- _Instructions for the task_
In the entries that follow, the lines from the line containing "ご主人は「わたしが話したことはよく理解して、はきはきしていて気持ちよかった」と。" up to and including the line containing "PARTICOLARE MISURATORE CONSUMO GAS-METANO" must be copied exactly, with pictures omitted.

─── Supplied data ───

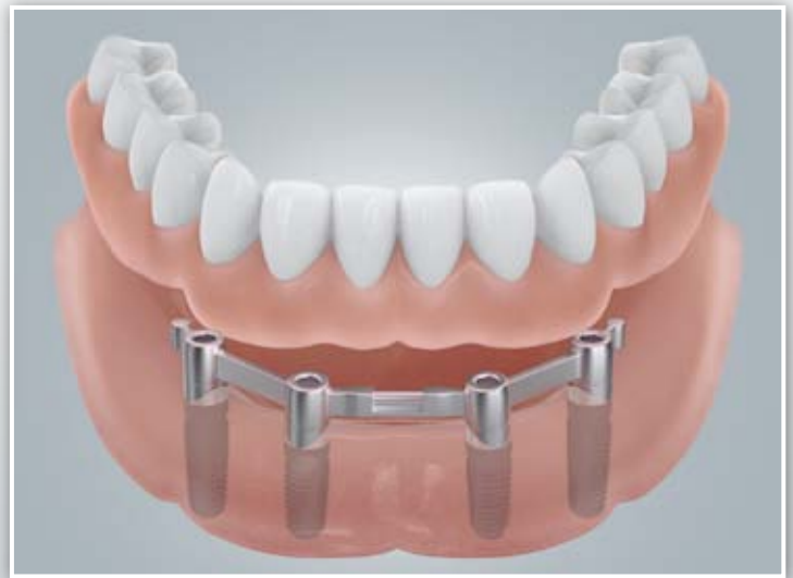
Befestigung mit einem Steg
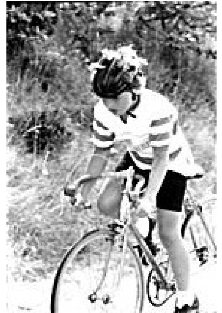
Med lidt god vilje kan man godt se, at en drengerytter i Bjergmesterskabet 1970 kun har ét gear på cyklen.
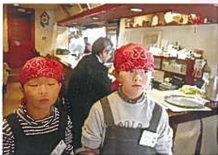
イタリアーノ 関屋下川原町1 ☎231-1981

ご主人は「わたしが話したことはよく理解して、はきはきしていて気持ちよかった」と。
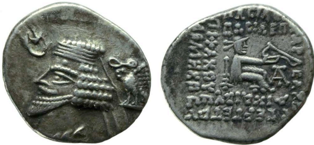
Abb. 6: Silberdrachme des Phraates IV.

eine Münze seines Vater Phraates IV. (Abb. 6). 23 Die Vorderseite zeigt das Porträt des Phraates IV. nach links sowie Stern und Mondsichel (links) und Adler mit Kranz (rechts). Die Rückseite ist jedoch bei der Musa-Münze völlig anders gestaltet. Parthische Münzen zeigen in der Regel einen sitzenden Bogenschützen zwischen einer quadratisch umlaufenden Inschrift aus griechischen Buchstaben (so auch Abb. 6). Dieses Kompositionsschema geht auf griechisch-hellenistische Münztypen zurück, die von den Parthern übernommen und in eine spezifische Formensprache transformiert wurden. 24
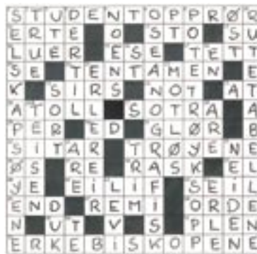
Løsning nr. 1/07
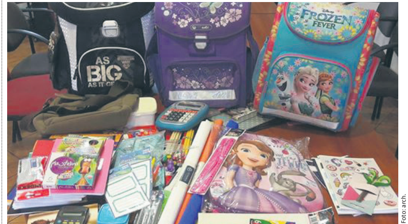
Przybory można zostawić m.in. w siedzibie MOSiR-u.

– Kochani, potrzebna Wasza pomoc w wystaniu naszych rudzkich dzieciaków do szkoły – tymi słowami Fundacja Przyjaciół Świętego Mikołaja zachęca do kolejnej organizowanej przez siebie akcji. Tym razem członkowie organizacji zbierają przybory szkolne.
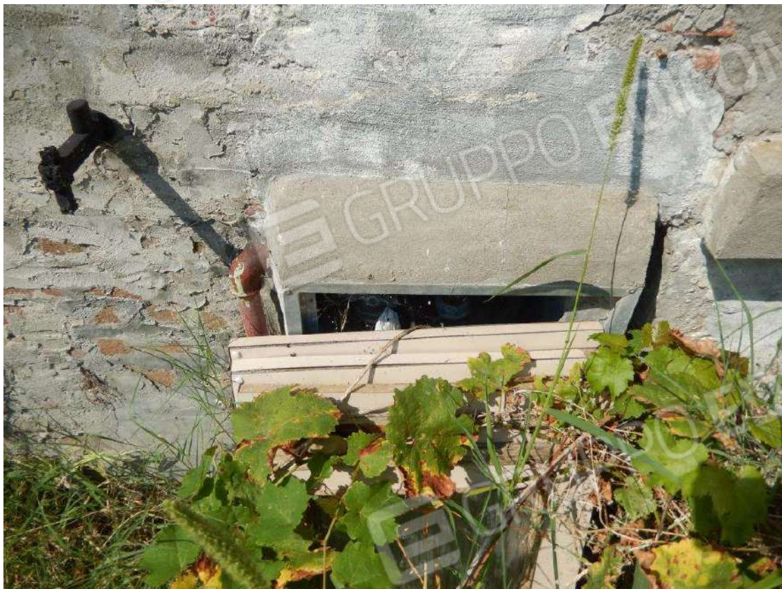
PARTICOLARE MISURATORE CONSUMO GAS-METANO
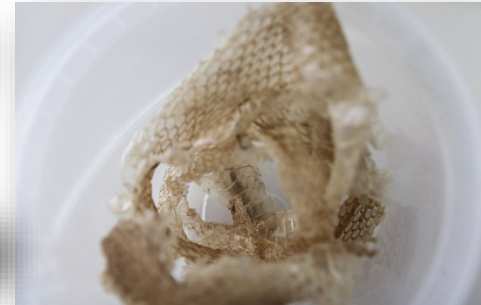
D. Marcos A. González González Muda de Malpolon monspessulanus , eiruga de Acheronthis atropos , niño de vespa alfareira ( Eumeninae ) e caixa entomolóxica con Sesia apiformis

───

- _Exercise solution_
ご主人は「わたしが話したことはよく理解して、はきはきしていて気持ちよかった」と。
Abb. 6: Silberdrachme des Phraates IV.

eine Münze seines Vater Phraates IV. (Abb. 6). 23 Die Vorderseite zeigt das Porträt des Phraates IV. nach links sowie Stern und Mondsichel (links) und Adler mit Kranz (rechts). Die Rückseite ist jedoch bei der Musa-Münze völlig anders gestaltet. Parthische Münzen zeigen in der Regel einen sitzenden Bogenschützen zwischen einer quadratisch umlaufenden Inschrift aus griechischen Buchstaben (so auch Abb. 6). Dieses Kompositionsschema geht auf griechisch-hellenistische Münztypen zurück, die von den Parthern übernommen und in eine spezifische Formensprache transformiert wurden. 24
Løsning nr. 1/07
Przybory można zostawić m.in. w siedzibie MOSiR-u.

– Kochani, potrzebna Wasza pomoc w wystaniu naszych rudzkich dzieciaków do szkoły – tymi słowami Fundacja Przyjaciół Świętego Mikołaja zachęca do kolejnej organizowanej przez siebie akcji. Tym razem członkowie organizacji zbierają przybory szkolne.
PARTICOLARE MISURATORE CONSUMO GAS-METANO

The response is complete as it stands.